A ideia era assim, o Vhoor é o beatmaker, tá ligado? Muita gente acha que ele é meu DJ por que no “Baile” eu deixo a ideia que o Vhoor é o DJ que toca as mais brabas, sacou? Mas agora nós estamos vendo uma forma de trabalhar junto, fazendo o nosso show crescer e levar a experiência do disco com um show mais completo e que dialogue com os festivais e shows que acontecem no Brasil e fora daqui.
Para encerrar, queria voltar num negócio que vocês falaram antes, que é o lance de que essa música foi criada numa época que não existia Funk, mas sempre com essa identidade, com forte influência percussiva. Como vocês fizeram essa mistura de brasilidades e trouxeram isso com influência da cena de festas e do movimento de música eletrônica que é muito forte em Minas?
Vhoor: Eu acho que a produção de música eletrônica no Brasil é mais percussiva. Na internet você encontra muito loop, muito material já criado com bastante percussão, então isso vem de muito tempo de pesquisa minha e do Spider, o produtor que cedeu o estudo pra gravar e masterizar o “Baile”.
Qual é o nome do estúdio?
Vhoor: Pro beats, do DJ Spider. Ele passou muito conteúdo pra gente até por que ele também era um DJ antigo da cidade e tinha muito conteúdo dos bailes da época.
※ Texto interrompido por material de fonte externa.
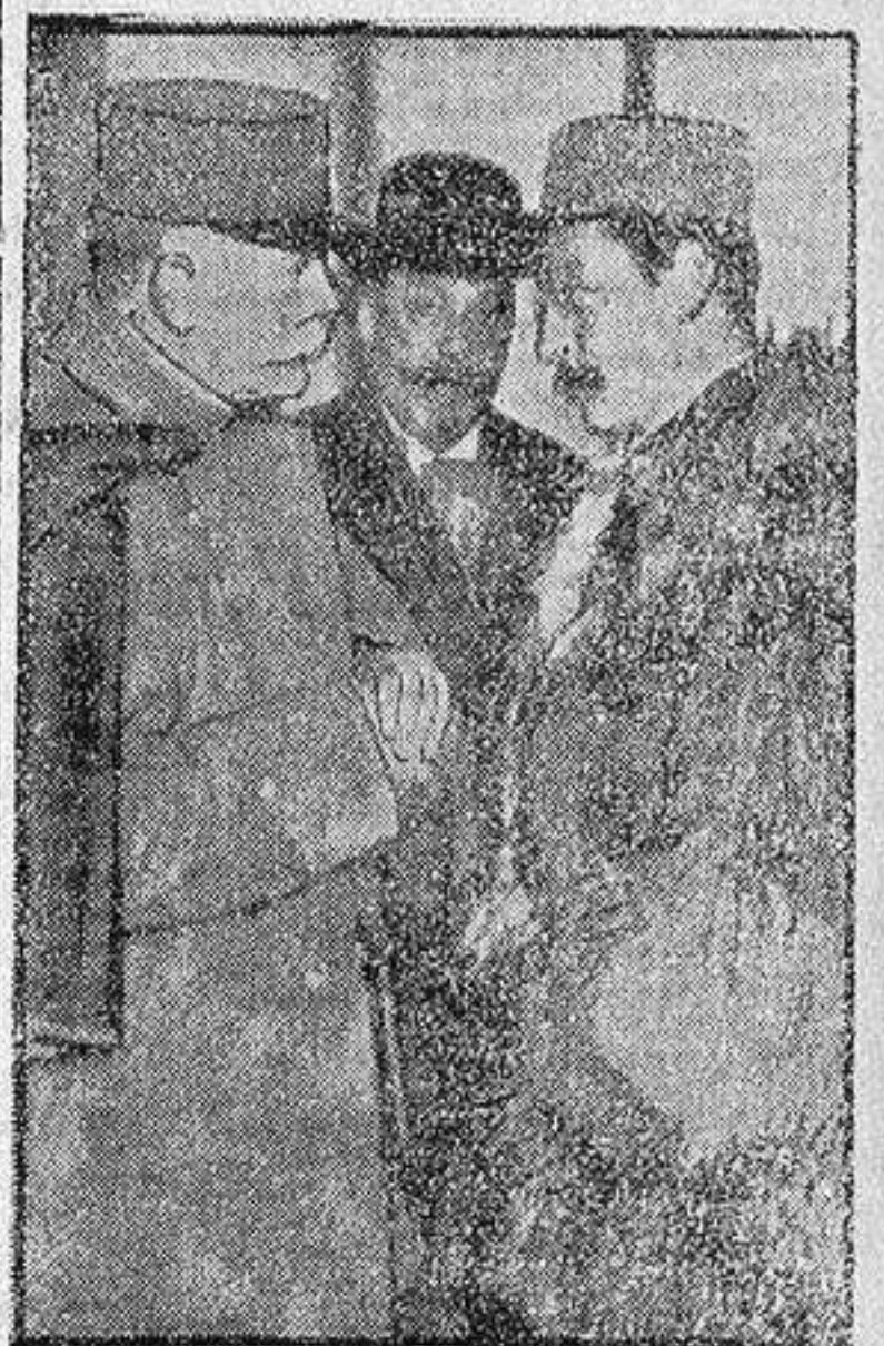
Llegada a París del general Sarrail

Era um acervo bem grande que foi muito aproveitado para o desenvolvimento do “Baile”.
Então, além das coisas que a gente já tinha da nossa pesquisa própria de ritmos afro-latinos e brasileiros, foi uma influência que nós conseguimos encaixar na estética do disco e combina bem com as ideias que a gente teve.
Demais, aqui em casa rola direto. Obrigado pelo tempo, sei que está uma grande correria pra vocês.
Valeu meu mano, a gente ficou bem feliz com a entrevista.
Satisfação toda minha, mano. Até a próxima.